South Florida Sun-Sentinel (Sunday)
Should state make big auto insurers cover homes?
In 2007, Crist signed law that tried to, but exemptions let firms get around enforcement
Every so often, a beleaguered Florida consumer proposes a way to fix Florida’s property insurance availability problem:
The state legislature should require big national insurance companies that bombard the state with auto insurance ads to also sell homeowners insurance.
After all, they ask, why should the big companies be allowed to cherry-pick the easier and most profitable motor vehicle risks while avoiding potentially costlier property risks?
Ed Huber, a Boynton Beach resident, wrote to the Palm Beach Post in 2013 that “Any insurer that is a national/international company will not be allowed to do business in any state unless all of its coverages are available in that state ... To exclude some coverage because of higher risk could not happen.”
Turns out Huber wasn’t the first to come up with that idea. In 2007, such a law was enacted during a special legislative session on homeowner insurance convened by newly elected Gov. Charlie Crist. And the new law was apparently forgotten soon afterward, with little discussion or evident enforcement.
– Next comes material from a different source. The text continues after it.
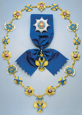 Знак, звезда, орденская цепь и орденская лента ордена Андрея Первозванного Российской Федерации. Он становится также гроссмейстером или главой этих орденов, но эту функцию он несет, только пока занимает должность. Когда он ее покидает, то он, тем не менее, пожизненно остается кавалером всех высших орденов. Президент Франции автоматически становится в момент инаугурации не только гроссмейстером орденов Почетного Легиона и Заслуг, но и кавалером их высших степеней. Премьер-министр Франции через два года пребывания в должности автоматически становится великим офицером ордена Почетного Легиона, т.е. кавалером II-й степени ордена. У нас такой традиции автоматического «вступления в кавалерство» вступающего в должность Президента или находящегося на должности Председателя Правительства нет. На мой взгляд, и с общефалеристической точки зрения, и с содержательной политической это не очень правильно, но это наша советская и постсоветская традиция. В соответствии с практикой, бывшие премьеры, как правило, получали орден «За заслуги перед Отечеством» I-й степени. Это относилось и к Черномырдину, который получил ее существенно позже оставления поста, и к Фрадкову, и к Зубкову, и даже к бывшему советскому премьеру Рыжкову. Не получил этот орден I-й степени Степашин, у него II-я степень, но он и пост премьера занимал очень недолгое время.
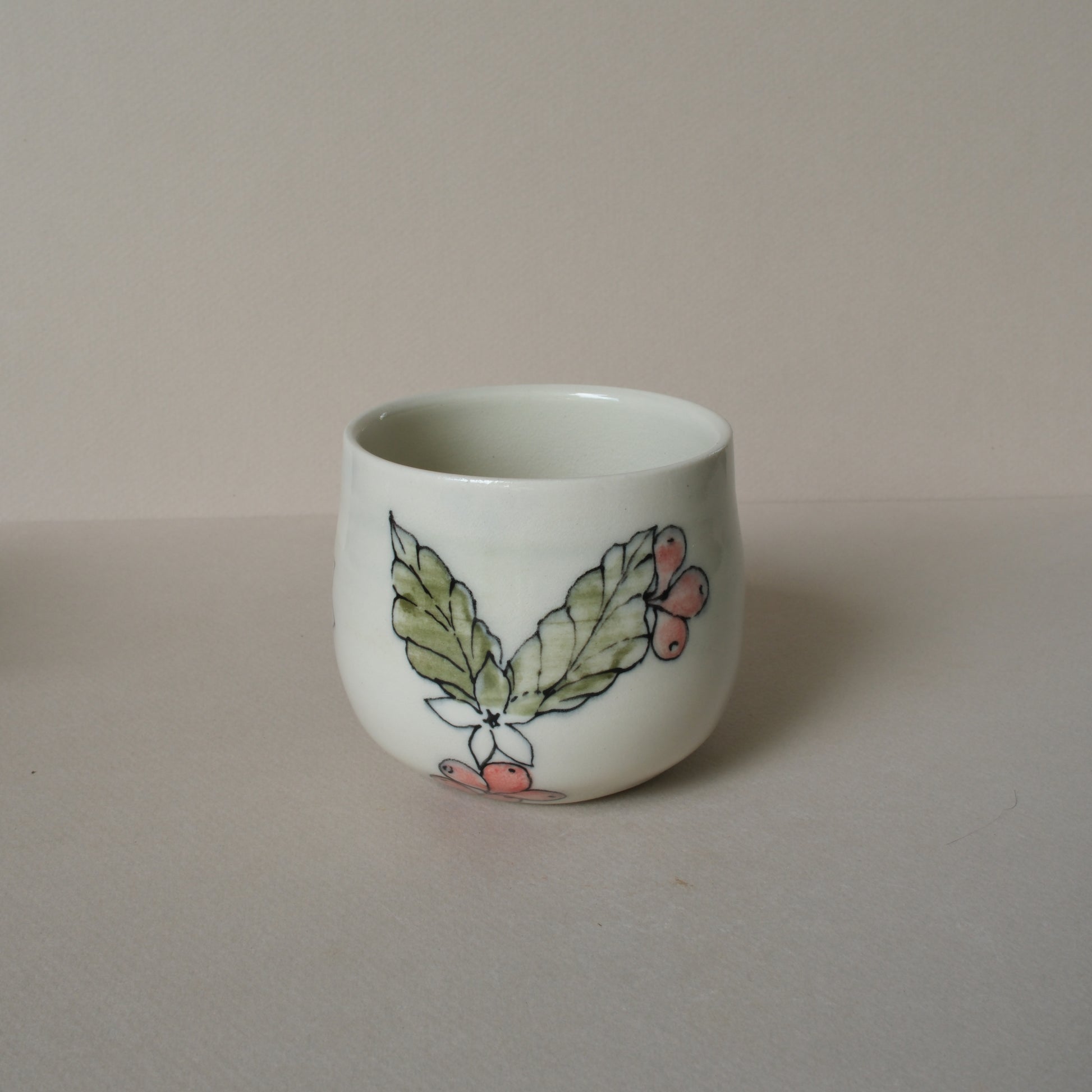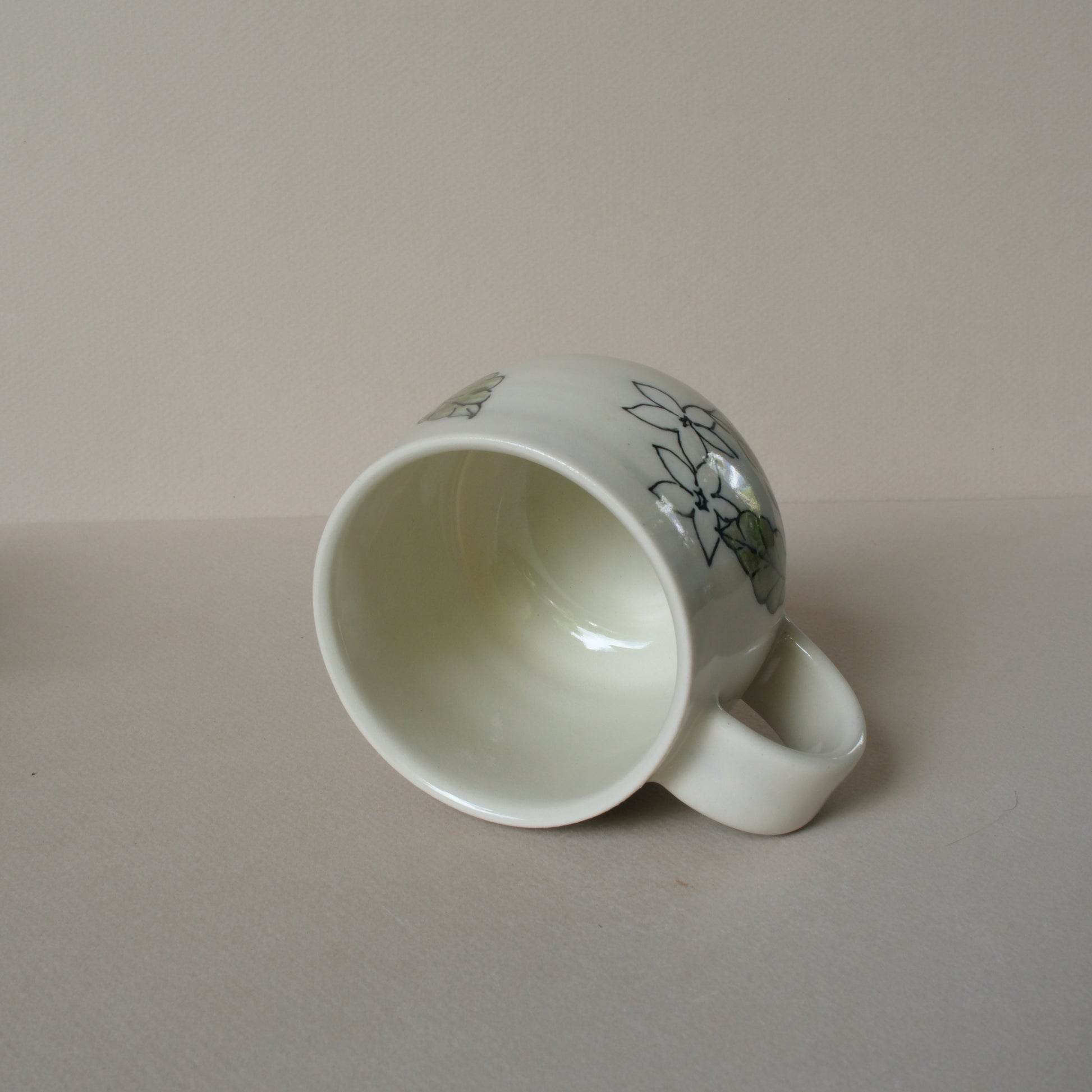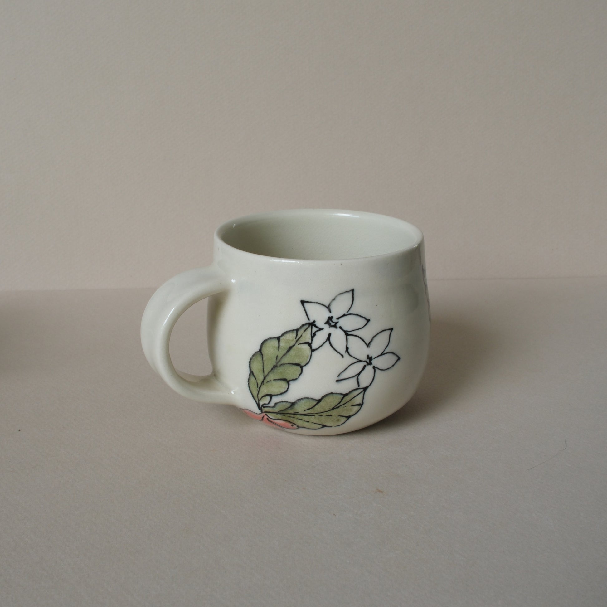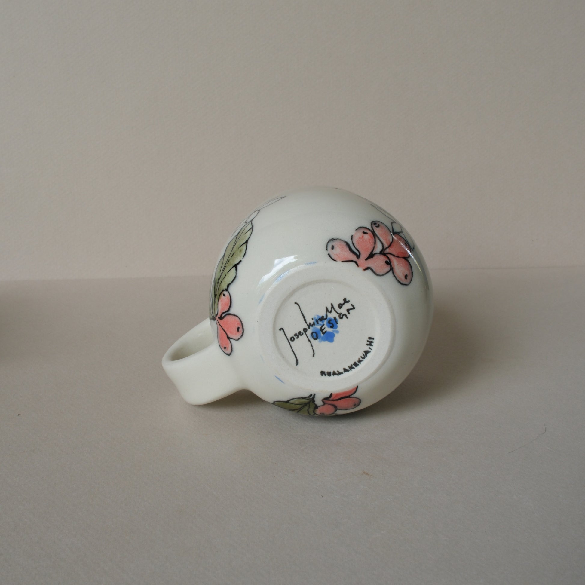 This Special 100% Kona Coffee Stamp Collection features a stamp decal designed by Josephine and printed on handmade pieces. They are durable for regular use and ware, including microwave and dishwasher use.

In his 2006 campaign for governor, Crist criticized big insurers for “cherry-picking” auto policies while dropping homeowner policies after unusually active hurricane seasons in 2004 and 2005. Florida subsidiaries of Nationwide and Allstate announced they had stopped writing new property insurance business in Florida and were not renewing tens of thousands of existing policies.
The crisis then resembled the one facing Florida now: skyrocketing rates, companies
pulling out of the state, and more than 1 million stranded homeowners forced into state-run Citizens Property Insurance Corp.
Crist argued that the solution included a law banning “cherry-picking” by large insurers that sell home, auto and other products.
“I know in my heart that companies who would write property insurance in other states but not Florida, yet benefit enormously from writing auto policies in our state, need to stop discriminating against Floridians,” Crist said after winning the election, according to a 2007 story in the Palm Beach Post.